#### DIRECTIONS:
Would you return the lines that run from the start of the data below to the line with "Classic sports car, Ford", both included, exactly as written and without pictures?

#### SOURCE MATERIAL:
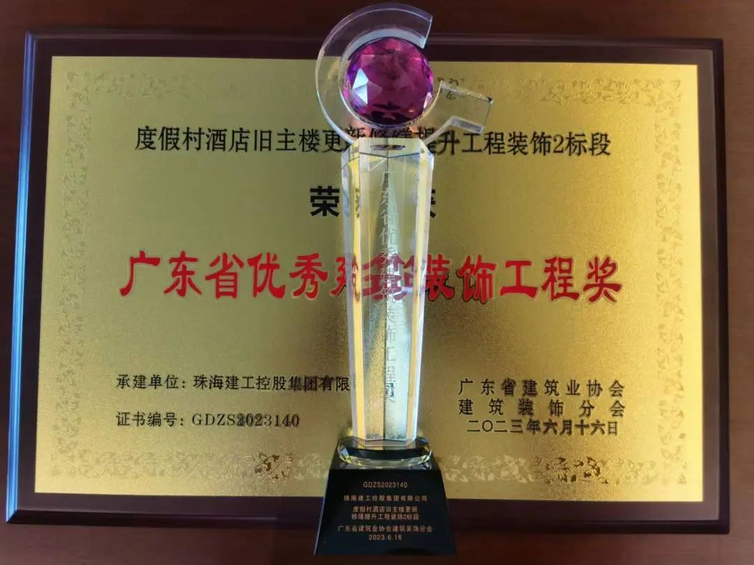 度假村酒店舊主樓更新修繕提升工程裝飾2標(biāo)段榮獲全國(guó)建筑工程裝飾獎(jiǎng)、廣東省優(yōu)秀建筑裝飾工程獎(jiǎng)、珠海市優(yōu)秀建筑裝飾工程獎(jiǎng)。
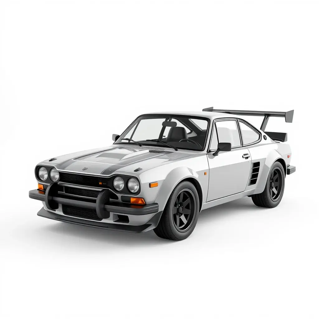 Classic sports car, Ford Escort RS1800, white body, black wheels, racing modifications, large rear spoiler, front bull bar, rally-inspired, 1970s design, aggressive stance, detailed 3D render, clean background, studio lighting, high contrast, automotive photography, vintage performance vehicle, iconic rally car
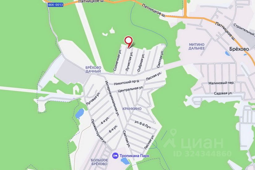 В 2-х километрах от участка находится загородный комплекс Тропикана Парк, который предоставляет большой комплекс услуг: гостиница, ресторан, бар, караоке, бассейн, баня и сауна, боулинг, бильярд, площадки для барбекю, спортивные площадки, детский городок, озеро с пляжем, рыбалка.

#### SOLUTION TO THIS TASK:
 度假村酒店舊主樓更新修繕提升工程裝飾2標(biāo)段榮獲全國(guó)建筑工程裝飾獎(jiǎng)、廣東省優(yōu)秀建筑裝飾工程獎(jiǎng)、珠海市優(yōu)秀建筑裝飾工程獎(jiǎng)。
 Classic sports car, Ford Escort RS1800, white body, black wheels, racing modifications, large rear spoiler, front bull bar, rally-inspired, 1970s design, aggressive stance, detailed 3D render, clean background, studio lighting, high contrast, automotive photography, vintage performance vehicle, iconic rally car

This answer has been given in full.